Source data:
----
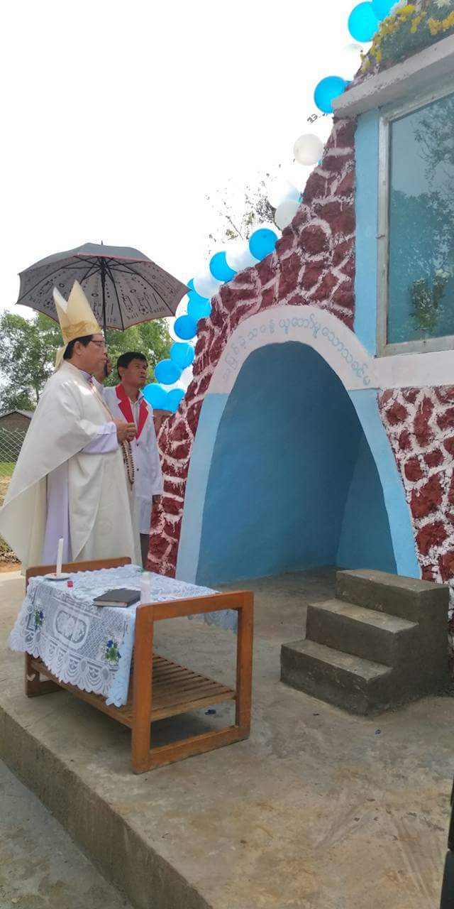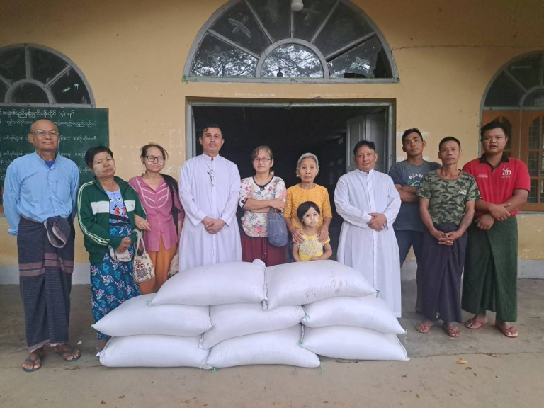 ယနေ့နံနက်တွင်လည်း ဓမ္ဘီမြို့၊ Fr. Francis Min Min Htun တာဝန်ကျရာ ကျောင်းဝင်း ၌ စားဝတ်နေရေးမပြေလည်သော အိမ်ထောင်စုများ မိသားစု ၁၀ အိမ်အတွက် ဆန်များ ဝေခဲ့ပါသည်
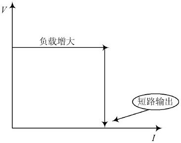 (3) 短路保護。整流模塊的輸出特性如圖5 所示,輸出短路時模塊在瞬間把輸出電壓拉低到零, 限制短路電流在限流點之下, 此時模塊輸出功率很小, 以達到保護模塊的目的, 這樣模塊長期可以長期工作在短路狀態而不至于損壞, 同時當故障排除后模塊可以自動恢復工作。
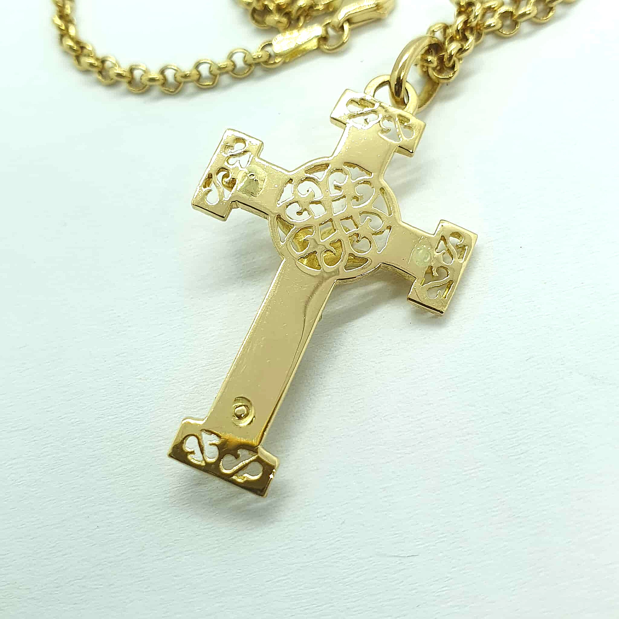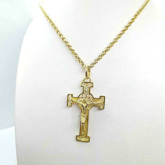 Collana maglia rolò con pendente croce in oro giallo 750.
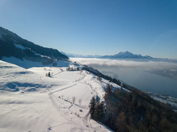 Des sentiers de promenade hivernale de rêve au pied du Rigi Kulm vous invitent à des balades, loin du stress et de l'agitation quotidienne. Des chalets chaleureux ornent le parcours bien balisé. L'auberge de montagne Räbalp, la Holderenhütte et le Grodstübli se distinguent par des spécialités locales et garantissent des endroits conviviaux pour se restaurer. Le point de départ et d'arrivée est la station supérieure du téléphérique Küssnacht-Seebodenalp ou le grand parking situé directement à la station supérieure.
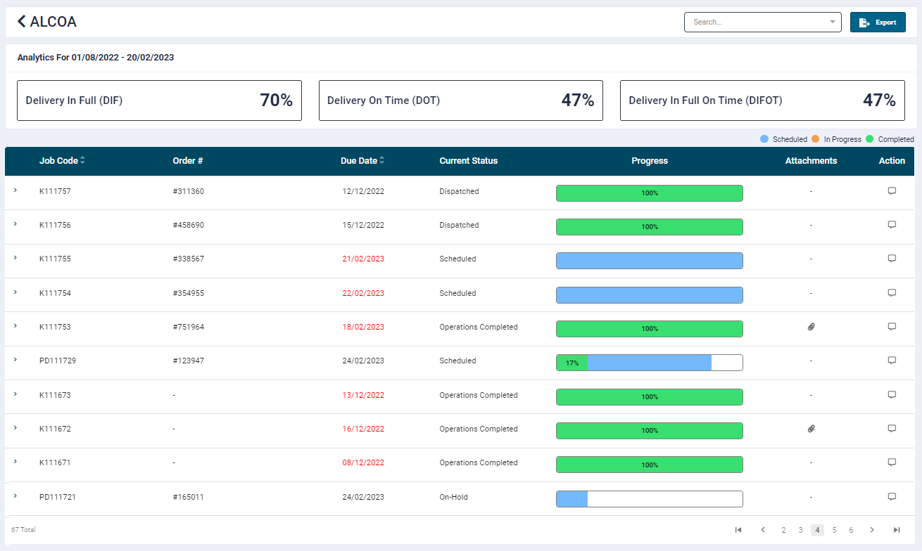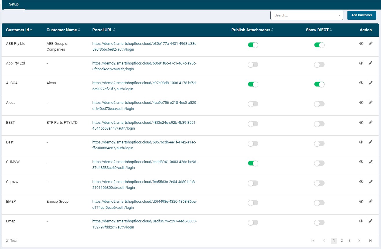 - Show DIFOT: This button allows you to display the delivery matrix on the customer portal. For more information please refer the Delivery Performance Metrics section
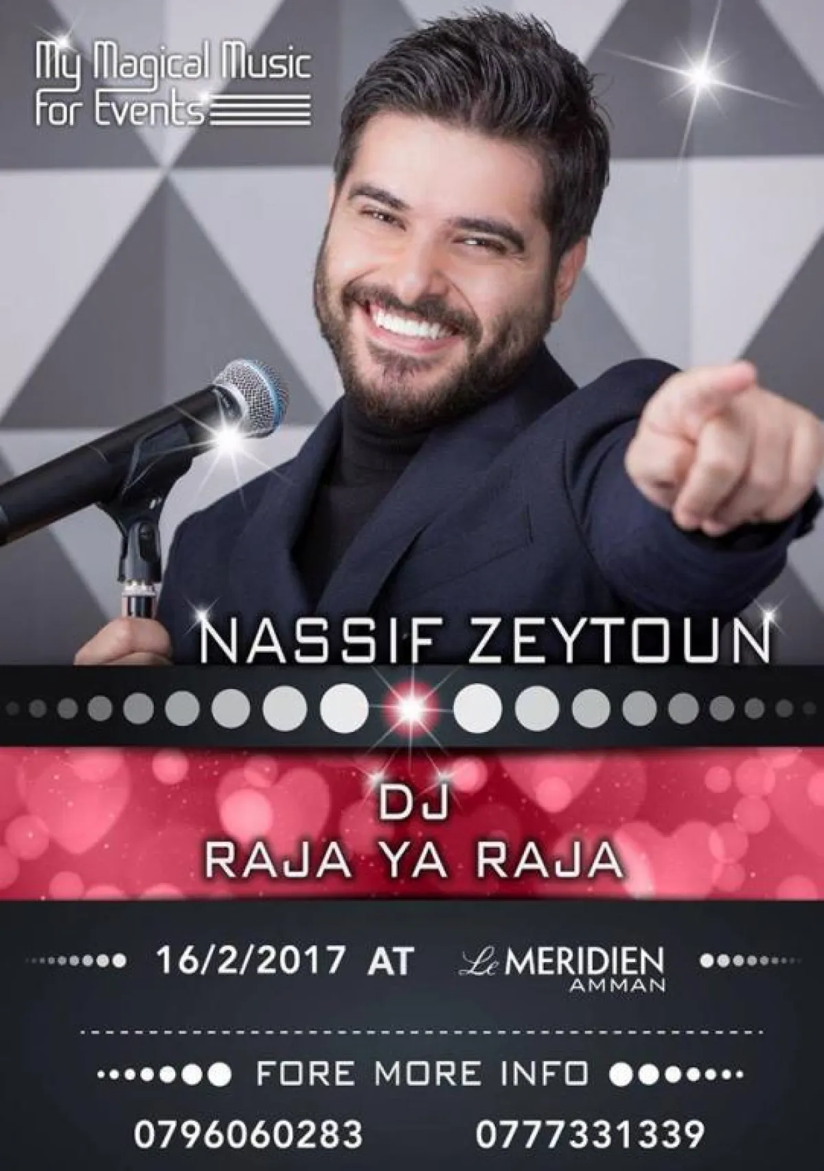 بمناسبة الفالنتاين (عيد الحب)، أعلن عن إقامة عدة حفلات في العاصمة الأردنية عمان، فستقام حفلة للفنان ناصيف زيتون يرافقه الدي جي (رجا يا رجا) وذلك بفندق الميريديان - عمان بتاريخ 16/02/2017.
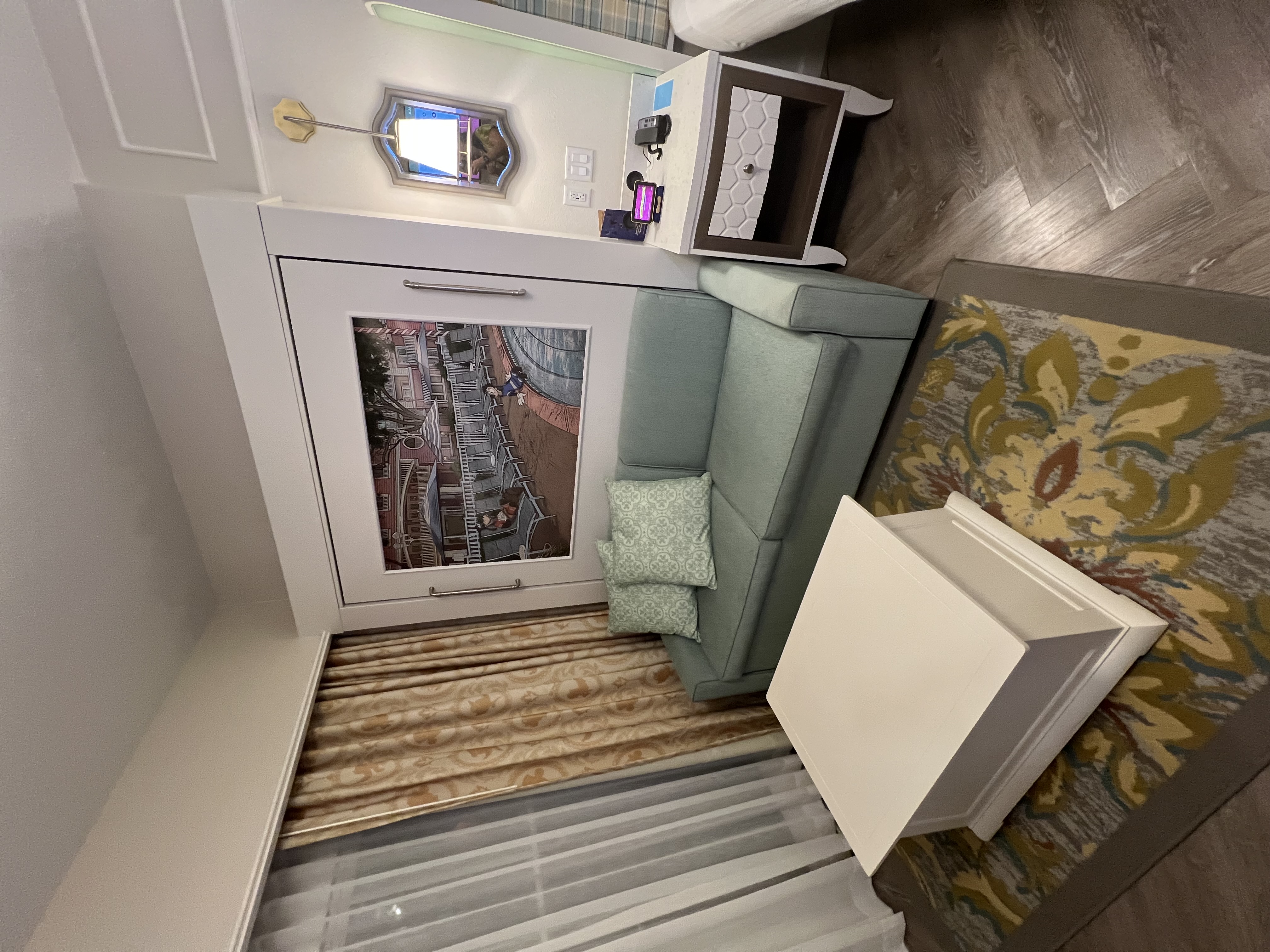 Weighing the experiences, I’m glad I could compare them back to back. I know that you CAN have a larger room with a sitting area and a split bathroom which allows more than 1 person to get ready at a time. There are rooms where you can open your patio door, get fresh air or sit on the balcony and actually relax for a few minutes in the morning with your coffee.
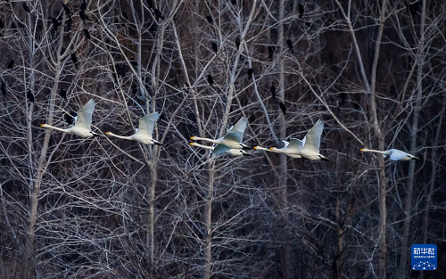 12月20日在河南省三門峽市天鵝湖國家城市濕地公園拍攝的白天鵝。(新華社發(fā) 趙永濤 攝)
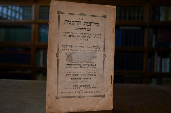Milchemet HaChochma Im HaSichlut (Der Krieg der Weisheit mit der Dummheit). Tarnopol, Oester.-Galizien, Selbstverlag des Verfassers; Druck: Drohobycz, A.H. Zupnik, 1895. 30 S. 20 x 12 cm, Broschur. Berieben, bestoßen, gebräunt, fleckig und mit Resten einer Überklebung auf dem Vorderdeckel. Heftklammern korrodiert. Papierbedingt gebräunt. Die Broschüre enthält auch Ausführungen über die Besiedlung des Landes Israel und über die Gründung von Werkstätten und Suppenküchen für die Juden in Galizien. Sehr selten. Im KVK an keiner deutschensprachigen Bibliothek nachweisbar.
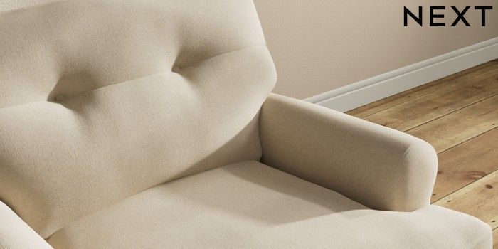 7.2.10 Erin Buttoned Back Deep Relaxed Sit Armchair Natural Mix Light Natural High Classic Turned Chrome Castor - Light | Made Click here to use our website with more accessibility support, for example screen readers
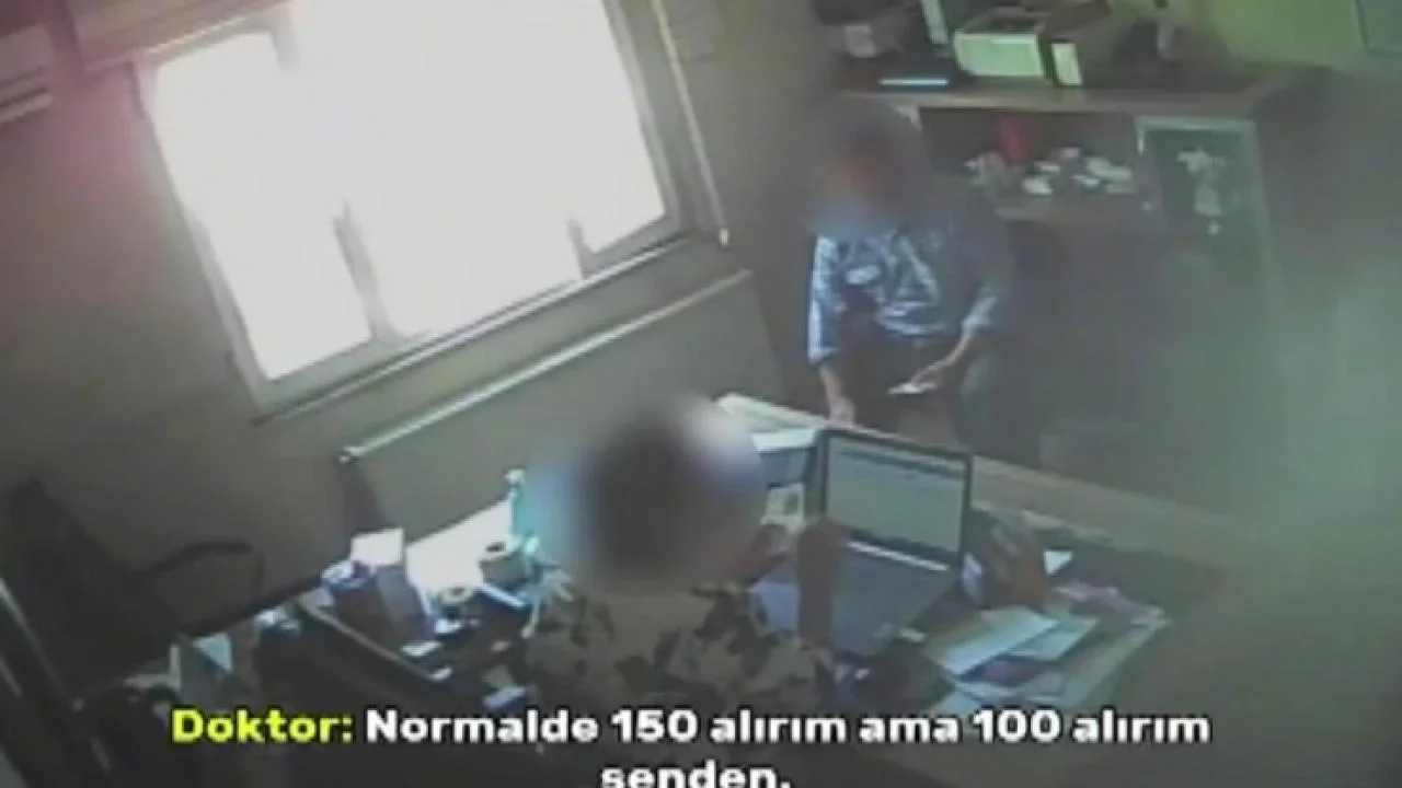 Doktorun bazı raporlara “ishal” veya “bronşit” gibi hastalıklar yazacağı, aldığı paraları bilgisayarının altına sakladığı ve soruşturmayı açanlara yönelik tehditlerde bulunduğu anlar kayıtlara yansıdı.
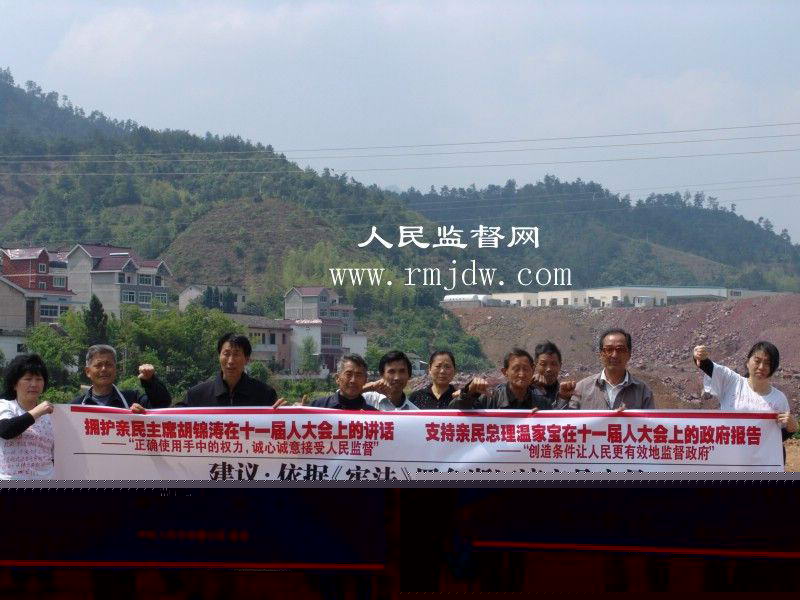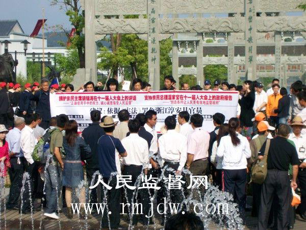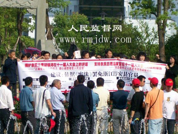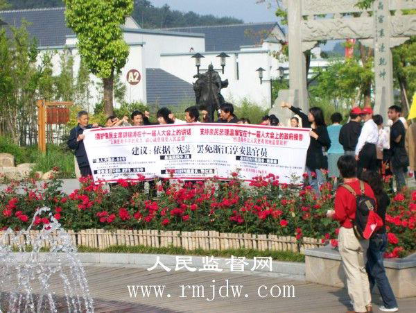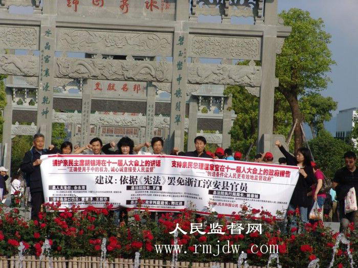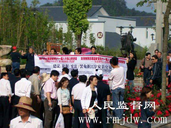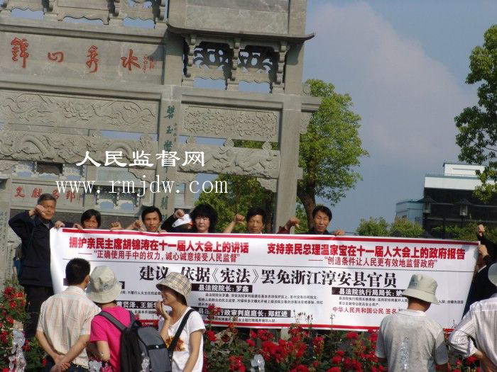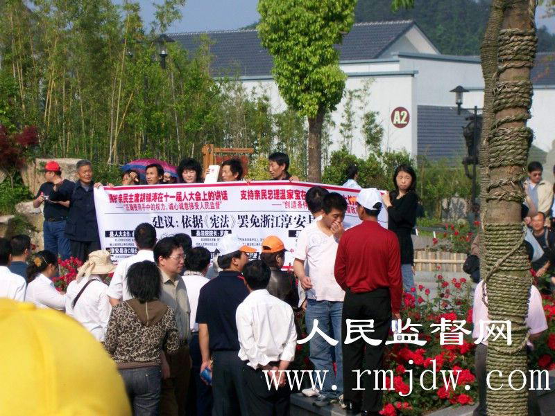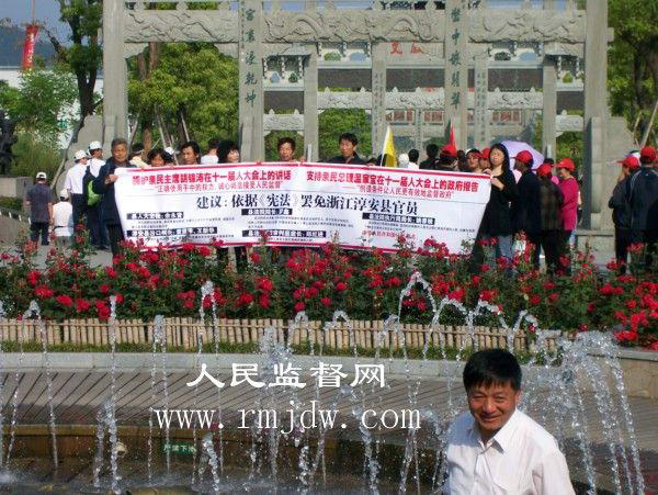 2008年5月10日,浙江省淳安县千岛湖风景区旅游码头,众位公民打着横幅:“拥护亲民主席胡锦涛在十一届人大会上的讲话,——“正确使用手中的权力,诚心诚意接受人民监督”。支持亲民总理温家宝在十一届人大会上的政府报告,——“创造条件让人民更有效地监督政府”。依据《宪法》罢免浙江淳安县官员—— 县人大主任余永青;淳安县汾口镇长董贤泽、王新华;县法院院长罗鑫;县法院执行局局长姚春妹;县法院行政审判庭庭长郑红进。
----
What is needed: Exact repeat, pictures omitted: give every line from the top of the records down to and including the line with "Collana maglia rolò".

Worked solution:
 ယနေ့နံနက်တွင်လည်း ဓမ္ဘီမြို့၊ Fr. Francis Min Min Htun တာဝန်ကျရာ ကျောင်းဝင်း ၌ စားဝတ်နေရေးမပြေလည်သော အိမ်ထောင်စုများ မိသားစု ၁၀ အိမ်အတွက် ဆန်များ ဝေခဲ့ပါသည်
 (3) 短路保護。整流模塊的輸出特性如圖5 所示,輸出短路時模塊在瞬間把輸出電壓拉低到零, 限制短路電流在限流點之下, 此時模塊輸出功率很小, 以達到保護模塊的目的, 這樣模塊長期可以長期工作在短路狀態而不至于損壞, 同時當故障排除后模塊可以自動恢復工作。
 Collana maglia rolò con pendente croce in oro giallo 750.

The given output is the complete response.